Thanks for your suggestion. After adding the library cudaDeviceSynchronize into my codes, the codes work correctly. However, I am still confused which condition causes the competition during calculation. I just input a matrix and a vector to the library and set the function of outputting them below that library. The order is unreasonable? When I solve more dense linear systems of the equation in GPU parallel using different cude streams, I will meet this issue again.
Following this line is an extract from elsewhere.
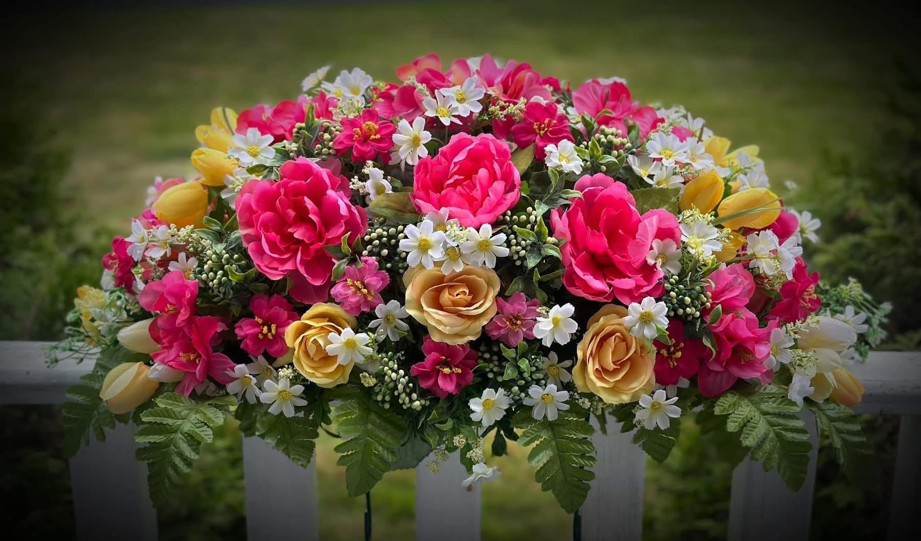 Introducing our unique grave saddles, each one handcrafted with a one-of-a-kind color blend. Customers can choose from a variety of color options and will receive a truly original product. These pictures are examples of some color combinations only. Connect with us via chat or email contact@cathysuedesigns.ca to discuss your preferences and create a personalized design before you check out.
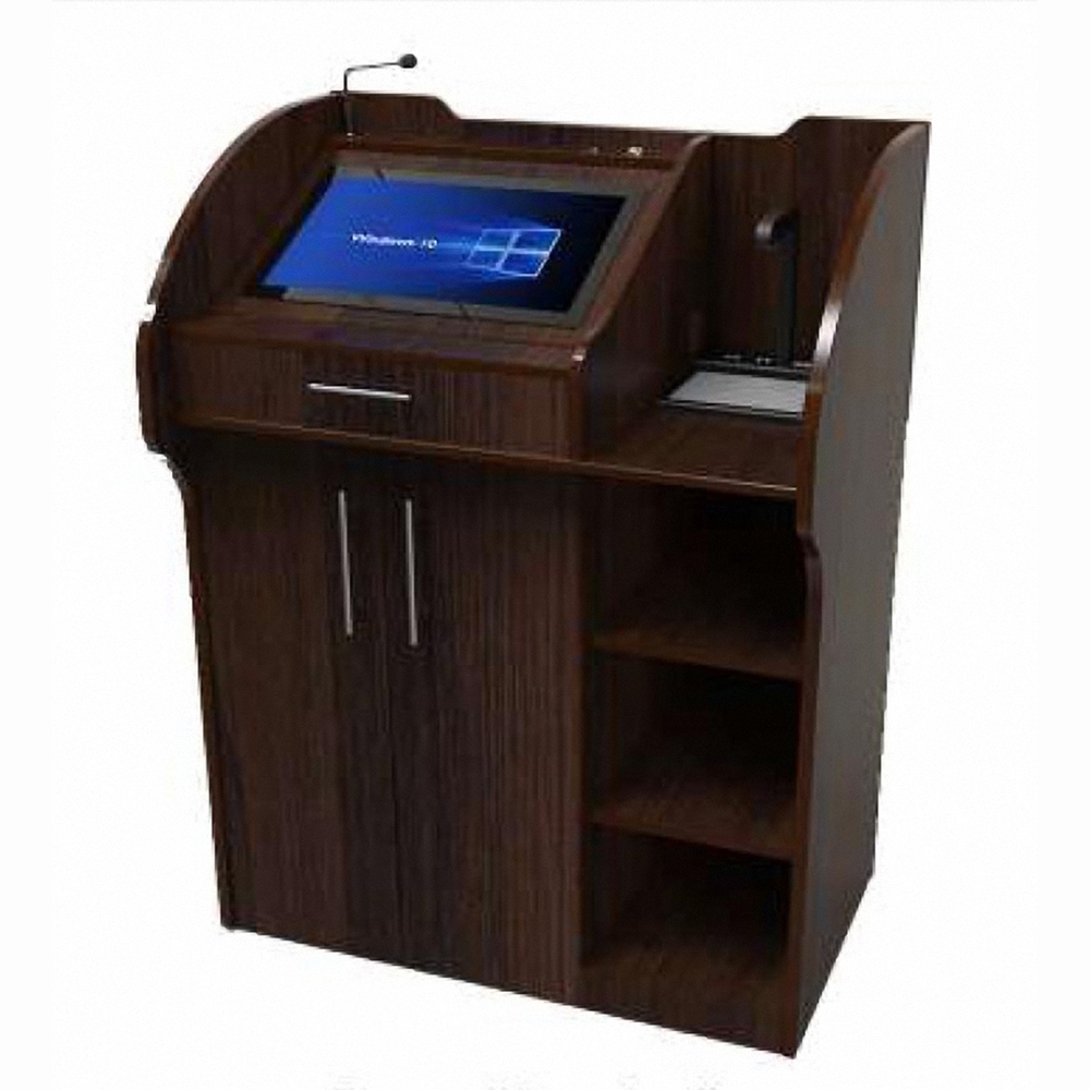 Разработчики уделили внимание комфорту управления процессом доклада. Функции выведены на сенсорный экран, где происходит управление мультимедийными материалами. Также в тумбу встроены функциональные отделы для документов, полочки для личных вещей.

This is a fundamental issue that users have to master when coming to GPU programming - you launched a bunch of work on the GPU in cusolverDnXgetrs, but that’s not a blocking call, so your host code keeps marching forward unless you add your own blocking mechanism in to wait on the GPU to finish. Had there been CPU host work that didn’t depend on the result of the call - you could have knocked it out whilst waiting for the GPU to return by putting a cudaDeviceSynchronize at the latest possible point in your code where dX returning with the GPU value versus still having the host value would make a difference.

I used to make the kernels to control the sequential execution. Example,

!$acc data

   istat = cusolverDnXgetrs(parameters)
   
   !$acc kernels
        dY = dX
   !$acc end kernels

!$acc end data

If “async” is not used in the kernels, the task should be executed sequentially. In other word, the command in the kernels will be run after finishing the cusolverDnXgetrs. But the results are still wrong.

So I think you’ve effectively launched cusolverDnXgetrs asynchronously, because it’s a nonblocking call, which allows the kernels construct to be executed in a different GPU stream - leading to the race condition. If you launched the kernels construct into the same stream as the cusolverDnXgetrs call, then I think it would be effectively blocking.

This topic was automatically closed 14 days after the last reply. New replies are no longer allowed.